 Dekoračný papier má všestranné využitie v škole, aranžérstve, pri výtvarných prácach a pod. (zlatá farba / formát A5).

- - -

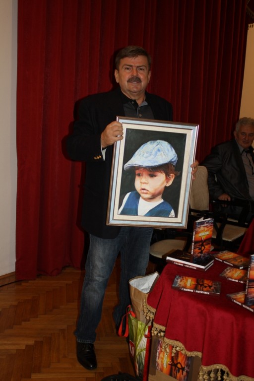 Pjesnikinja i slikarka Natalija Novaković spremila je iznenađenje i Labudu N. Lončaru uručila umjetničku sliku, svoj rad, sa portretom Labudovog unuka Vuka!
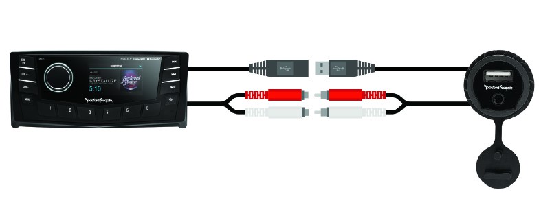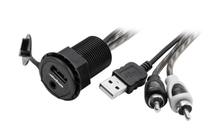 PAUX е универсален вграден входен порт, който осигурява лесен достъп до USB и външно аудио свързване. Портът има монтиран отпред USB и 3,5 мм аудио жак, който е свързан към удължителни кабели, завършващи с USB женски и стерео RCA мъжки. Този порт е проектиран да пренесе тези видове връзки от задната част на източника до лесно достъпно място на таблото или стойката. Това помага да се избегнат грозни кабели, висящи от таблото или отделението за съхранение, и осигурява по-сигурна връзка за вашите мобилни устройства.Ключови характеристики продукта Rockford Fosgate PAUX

- - -

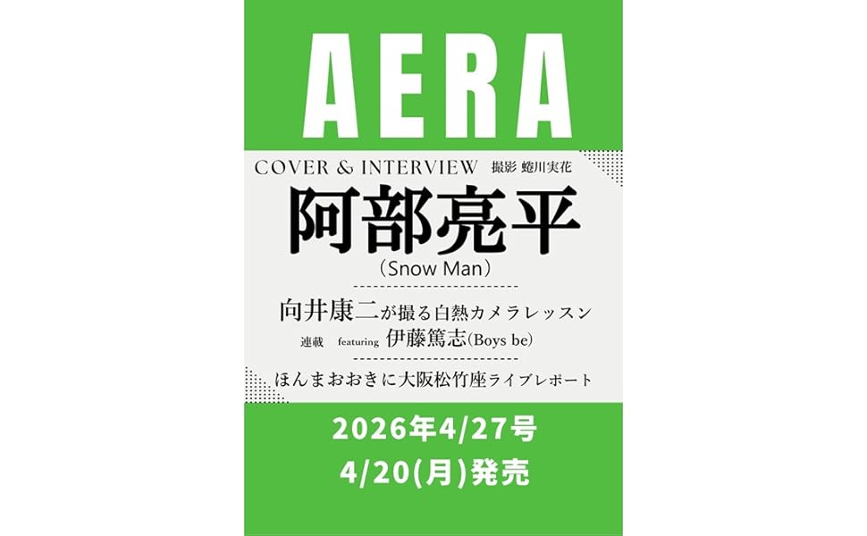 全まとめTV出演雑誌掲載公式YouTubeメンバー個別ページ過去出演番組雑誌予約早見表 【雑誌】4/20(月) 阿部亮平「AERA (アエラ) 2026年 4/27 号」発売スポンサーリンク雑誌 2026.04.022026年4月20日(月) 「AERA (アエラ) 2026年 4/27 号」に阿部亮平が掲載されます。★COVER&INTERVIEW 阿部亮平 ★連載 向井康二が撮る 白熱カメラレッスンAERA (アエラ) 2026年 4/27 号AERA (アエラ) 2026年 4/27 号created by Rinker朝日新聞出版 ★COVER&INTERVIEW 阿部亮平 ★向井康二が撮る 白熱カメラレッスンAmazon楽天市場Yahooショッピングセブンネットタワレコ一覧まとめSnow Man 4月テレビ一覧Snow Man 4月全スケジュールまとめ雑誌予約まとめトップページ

- - -

▶ [Exercise directions]
Please return the material above only from the line that holds "Pjesnikinja i slikarka" through the line that holds "PAUX е универсален", exactly as it stands, ends included and pictures omitted.

▶ [Result]
 Pjesnikinja i slikarka Natalija Novaković spremila je iznenađenje i Labudu N. Lončaru uručila umjetničku sliku, svoj rad, sa portretom Labudovog unuka Vuka!
 PAUX е универсален вграден входен порт, който осигурява лесен достъп до USB и външно аудио свързване. Портът има монтиран отпред USB и 3,5 мм аудио жак, който е свързан към удължителни кабели, завършващи с USB женски и стерео RCA мъжки. Този порт е проектиран да пренесе тези видове връзки от задната част на източника до лесно достъпно място на таблото или стойката. Това помага да се избегнат грозни кабели, висящи от таблото или отделението за съхранение, и осигурява по-сигурна връзка за вашите мобилни устройства.Ключови характеристики продукта Rockford Fosgate PAUX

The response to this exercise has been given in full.